Given information:

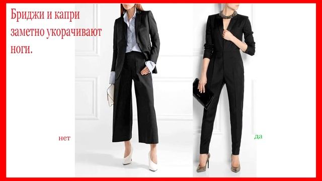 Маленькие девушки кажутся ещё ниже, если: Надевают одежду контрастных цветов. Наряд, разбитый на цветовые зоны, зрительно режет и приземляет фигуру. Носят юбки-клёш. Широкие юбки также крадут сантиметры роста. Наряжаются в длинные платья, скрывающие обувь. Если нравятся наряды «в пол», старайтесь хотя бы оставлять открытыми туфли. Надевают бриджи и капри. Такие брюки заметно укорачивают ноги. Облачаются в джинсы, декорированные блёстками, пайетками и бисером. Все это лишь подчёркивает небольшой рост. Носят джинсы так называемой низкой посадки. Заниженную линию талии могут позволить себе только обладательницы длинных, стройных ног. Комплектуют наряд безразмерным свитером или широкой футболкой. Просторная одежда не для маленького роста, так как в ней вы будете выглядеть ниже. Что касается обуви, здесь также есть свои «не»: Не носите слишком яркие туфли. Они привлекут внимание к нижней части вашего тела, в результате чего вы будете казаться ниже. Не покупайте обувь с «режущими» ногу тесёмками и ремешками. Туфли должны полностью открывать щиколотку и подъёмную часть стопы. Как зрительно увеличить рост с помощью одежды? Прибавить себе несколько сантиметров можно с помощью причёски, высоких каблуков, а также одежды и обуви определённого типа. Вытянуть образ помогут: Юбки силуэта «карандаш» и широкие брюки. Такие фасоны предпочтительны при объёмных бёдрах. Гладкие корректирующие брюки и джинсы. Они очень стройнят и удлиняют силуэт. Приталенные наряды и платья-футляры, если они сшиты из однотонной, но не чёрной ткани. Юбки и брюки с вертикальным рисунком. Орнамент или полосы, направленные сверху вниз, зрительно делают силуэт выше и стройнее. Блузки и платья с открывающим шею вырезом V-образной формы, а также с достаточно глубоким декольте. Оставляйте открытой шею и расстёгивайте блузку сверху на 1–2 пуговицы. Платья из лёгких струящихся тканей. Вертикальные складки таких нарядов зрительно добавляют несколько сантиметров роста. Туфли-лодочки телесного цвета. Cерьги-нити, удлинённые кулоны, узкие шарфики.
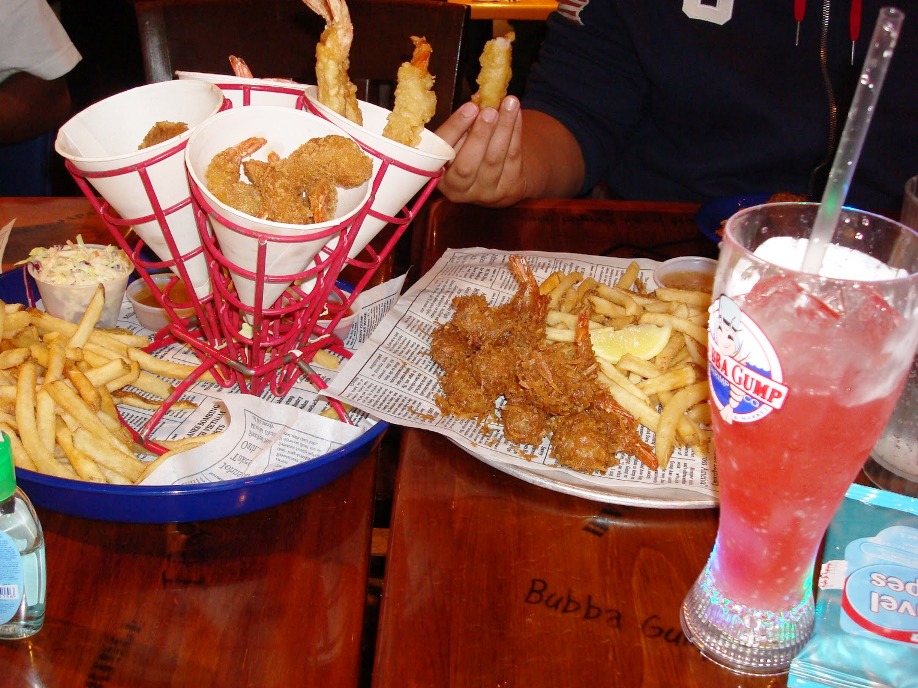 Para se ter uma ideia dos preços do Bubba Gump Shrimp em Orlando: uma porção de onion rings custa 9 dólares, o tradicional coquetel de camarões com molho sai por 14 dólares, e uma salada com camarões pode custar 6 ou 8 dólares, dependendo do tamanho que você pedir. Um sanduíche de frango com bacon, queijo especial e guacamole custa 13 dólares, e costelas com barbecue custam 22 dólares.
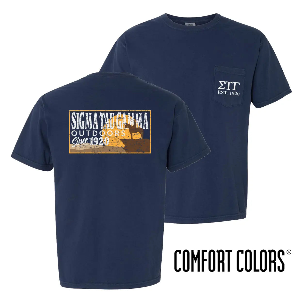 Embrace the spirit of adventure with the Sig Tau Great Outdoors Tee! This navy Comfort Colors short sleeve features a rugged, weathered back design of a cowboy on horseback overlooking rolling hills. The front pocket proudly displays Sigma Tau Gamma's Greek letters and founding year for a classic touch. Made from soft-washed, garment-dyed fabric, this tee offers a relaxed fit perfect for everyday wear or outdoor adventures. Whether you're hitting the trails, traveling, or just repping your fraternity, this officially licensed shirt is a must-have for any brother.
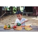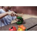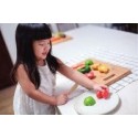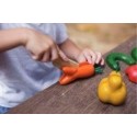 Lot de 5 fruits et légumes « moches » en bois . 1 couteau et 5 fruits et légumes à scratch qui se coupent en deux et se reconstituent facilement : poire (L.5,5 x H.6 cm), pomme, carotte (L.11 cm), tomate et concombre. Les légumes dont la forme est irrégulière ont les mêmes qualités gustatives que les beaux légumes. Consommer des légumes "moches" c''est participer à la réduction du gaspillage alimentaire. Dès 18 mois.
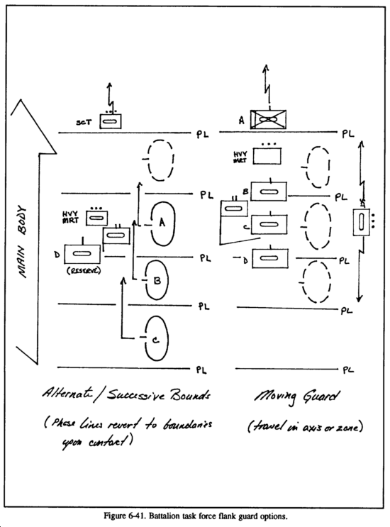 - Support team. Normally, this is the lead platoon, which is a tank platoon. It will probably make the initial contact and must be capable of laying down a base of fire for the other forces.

What the task requires: Only the pictures may be dropped; print every record exactly as given.

Answer to the problem:
 Маленькие девушки кажутся ещё ниже, если: Надевают одежду контрастных цветов. Наряд, разбитый на цветовые зоны, зрительно режет и приземляет фигуру. Носят юбки-клёш. Широкие юбки также крадут сантиметры роста. Наряжаются в длинные платья, скрывающие обувь. Если нравятся наряды «в пол», старайтесь хотя бы оставлять открытыми туфли. Надевают бриджи и капри. Такие брюки заметно укорачивают ноги. Облачаются в джинсы, декорированные блёстками, пайетками и бисером. Все это лишь подчёркивает небольшой рост. Носят джинсы так называемой низкой посадки. Заниженную линию талии могут позволить себе только обладательницы длинных, стройных ног. Комплектуют наряд безразмерным свитером или широкой футболкой. Просторная одежда не для маленького роста, так как в ней вы будете выглядеть ниже. Что касается обуви, здесь также есть свои «не»: Не носите слишком яркие туфли. Они привлекут внимание к нижней части вашего тела, в результате чего вы будете казаться ниже. Не покупайте обувь с «режущими» ногу тесёмками и ремешками. Туфли должны полностью открывать щиколотку и подъёмную часть стопы. Как зрительно увеличить рост с помощью одежды? Прибавить себе несколько сантиметров можно с помощью причёски, высоких каблуков, а также одежды и обуви определённого типа. Вытянуть образ помогут: Юбки силуэта «карандаш» и широкие брюки. Такие фасоны предпочтительны при объёмных бёдрах. Гладкие корректирующие брюки и джинсы. Они очень стройнят и удлиняют силуэт. Приталенные наряды и платья-футляры, если они сшиты из однотонной, но не чёрной ткани. Юбки и брюки с вертикальным рисунком. Орнамент или полосы, направленные сверху вниз, зрительно делают силуэт выше и стройнее. Блузки и платья с открывающим шею вырезом V-образной формы, а также с достаточно глубоким декольте. Оставляйте открытой шею и расстёгивайте блузку сверху на 1–2 пуговицы. Платья из лёгких струящихся тканей. Вертикальные складки таких нарядов зрительно добавляют несколько сантиметров роста. Туфли-лодочки телесного цвета. Cерьги-нити, удлинённые кулоны, узкие шарфики.
 Para se ter uma ideia dos preços do Bubba Gump Shrimp em Orlando: uma porção de onion rings custa 9 dólares, o tradicional coquetel de camarões com molho sai por 14 dólares, e uma salada com camarões pode custar 6 ou 8 dólares, dependendo do tamanho que você pedir. Um sanduíche de frango com bacon, queijo especial e guacamole custa 13 dólares, e costelas com barbecue custam 22 dólares.
 Embrace the spirit of adventure with the Sig Tau Great Outdoors Tee! This navy Comfort Colors short sleeve features a rugged, weathered back design of a cowboy on horseback overlooking rolling hills. The front pocket proudly displays Sigma Tau Gamma's Greek letters and founding year for a classic touch. Made from soft-washed, garment-dyed fabric, this tee offers a relaxed fit perfect for everyday wear or outdoor adventures. Whether you're hitting the trails, traveling, or just repping your fraternity, this officially licensed shirt is a must-have for any brother.
 Lot de 5 fruits et légumes « moches » en bois . 1 couteau et 5 fruits et légumes à scratch qui se coupent en deux et se reconstituent facilement : poire (L.5,5 x H.6 cm), pomme, carotte (L.11 cm), tomate et concombre. Les légumes dont la forme est irrégulière ont les mêmes qualités gustatives que les beaux légumes. Consommer des légumes "moches" c''est participer à la réduction du gaspillage alimentaire. Dès 18 mois.
 - Support team. Normally, this is the lead platoon, which is a tank platoon. It will probably make the initial contact and must be capable of laying down a base of fire for the other forces.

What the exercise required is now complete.